Его речь о рабстве негров произвела глубокое впечатление на страну и поднялась к своему завершению, постепенно, но с постоянно восходящими периодами, к финалу абсолютного величия:—

«Я считаю свободу негра свершившейся и несомненной. Почему? Потому что это его право — потому что он показал себя достойным его; потому что предлог, или тень предлога, больше не может быть придуман для удержания этого права от его обладателя. Я знаю, что все люди в наши дни принимают участие в этом вопросе, и они больше не потерпят, чтобы их обманывали, теперь, когда они хорошо информированы. Моя уверенность тверда и непоколебима в великой перемене, свидетелем которой я был, — образовании народа, не скованного партией или сектой, — свидетелем с самого начала его прогресса, я могу сказать, с часа его рождения! Да! Не мне, смиренному человеку, было помогать при королевских рождениях вместе с прославленным Принцем, который снизошел, чтобы украсить зрелище этой открывающейся сессии, или великим капитаном и государственным деятелем, в чьем присутствии я теперь горд говорить. Но с тем прославленным Принцем и с отцом Королевы я присутствовал при том другом рождении, еще более заметном. С ними и с главой Дома Расселов, несравненно более прославленным в моих глазах, я наблюдал за его колыбелью — я отмечал его рост — я радовался его силе — я был свидетелем его зрелости; я был пощажен, чтобы увидеть, как он восходит на самую высоту верховной власти; направляя советы государства; ускоряя каждое великое улучшение; соединяясь с каждым добрым делом; поддерживая все полезные установления; искореняя злоупотребления во всех наших институтах; переходя границы нашего европейского владычества и в Новом Свете, как и в Старом, провозглашая, что свобода есть право человека по рождению — что различие цвета не дает права на угнетение — что цепи, теперь ослабленные, должны быть сбиты, и даже следы, которые они оставили, стерты — провозглашая это тем же вечным законом нашей природы, который делает нации хозяевами своей собственной судьбы и который в Европе заставил трон каждого тирана содрогнуться!

«Но им не нужно чувствовать никакой тревоги от прогресса света, тем, кто защищает ограниченную монархию и поддерживает народные институты, — кто ставит свою главную гордость не в господстве над рабами, будь они белые или черные, не в защите угнетателя, а в ношении конституционной короны, в держании меча правосудия рукой милосердия, в том, чтобы быть первым гражданином страны, чей воздух слишком чист для дыхания рабства и на чьи берега, если ступит нога пленника, его оковы сами собой спадают.
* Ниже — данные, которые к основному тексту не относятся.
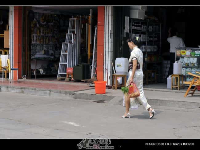 大街买菜回家的女人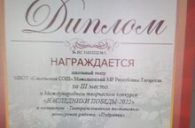 Наш школьный театр принял участие в Международном творческом конкурсе "Наследники Победы-2022" в поминации "Театрализованная постановка" конкурсная работа "Подранки" и были удостоены дипломом за 3 место.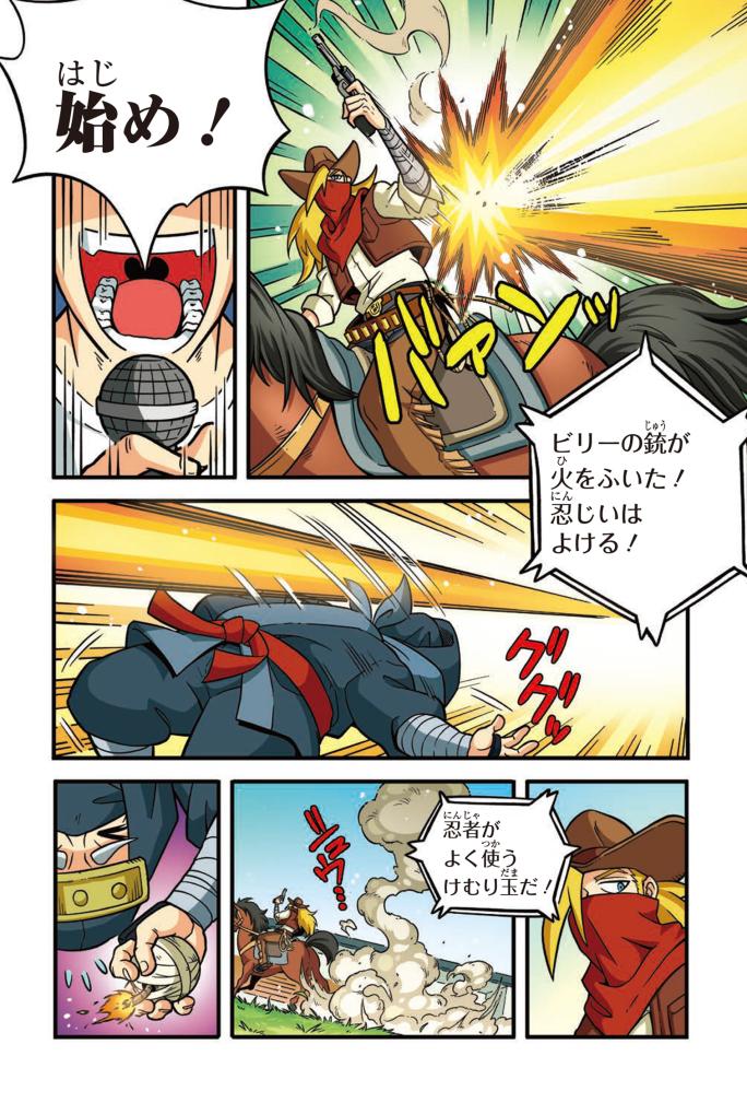 「どっちが強い!?」シリーズは動物バトルだけではありません! ちょっと変わった職業バトル編も新登場!! 特殊な技能をほこる忍者とカウボーイ、どっちが強いかをその職業にまつわる技術や歴史などを通じて学べます。

На неудержимый прогресс этого великого принципа я смотрю с уверенностью, которую ничто не может поколебать; он делает любое улучшение верным; он делает любую перемену, которую он производит, безопасной; ибо ничто не может быть достигнуто, если оно не было подготовлено в осторожном и спасительном духе.

«Итак, теперь пришла полнота времени, чтобы наконец выполнить наш долг перед африканским пленником. Я продемонстрировал вам, что все упорядочено — каждый предыдущий шаг сделан — все безопасно, опытом показано, что безопасно, для долгожданного завершения. Время пришло, испытание сделано, час бьет; у вас больше нет предлога для колебаний, или нерешительности, или промедления. Раб показал, четырехлетним безупречным поведением и преданностью занятиям мирным трудом, что он так же достоин своей свободы, как любой английский крестьянин, да, или любой лорд, к которому я сейчас обращаюсь.

«Я требую его прав; я требую его свободы без ограничений. Во имя справедливости и закона — во имя разума — во имя Бога, Который не дал вам права творить несправедливость; я требую, чтобы вашего брата больше не попирали как вашего раба! Я обращаюсь к Общинам, которые представляют свободный народ Англии; и я требую от них выполнения того условия, за которое они заплатили столь огромную цену, — того условия, которое все их избиратели с замиранием сердца жаждут увидеть выполненным! Я обращаюсь к этой Палате. Наследственные судьи первого трибунала в мире — к вам я взываю о справедливости. Покровители всех искусств, которые гуманизируют человечество, — под вашу защиту я помещаю само человечество! К милосердному Государю свободного народа я взываю громко о милосердии к сотням тысяч, за которых полмиллиона ее христианских сестер взывали громко — я прошу, чтобы их крик не был напрасным. Но прежде всего я обращаю свой взор к престолу всякой справедливости и, благоговейно смиряясь перед Тем, Кто чище очами, чем смотреть на столь огромные беззакония, я молю, чтобы проклятие, висящее над головой несправедливого и угнетателя, было отвращено от нас — чтобы ваши сердца обратились к милосердию — и чтобы по всей земле Его воля наконец свершилась!»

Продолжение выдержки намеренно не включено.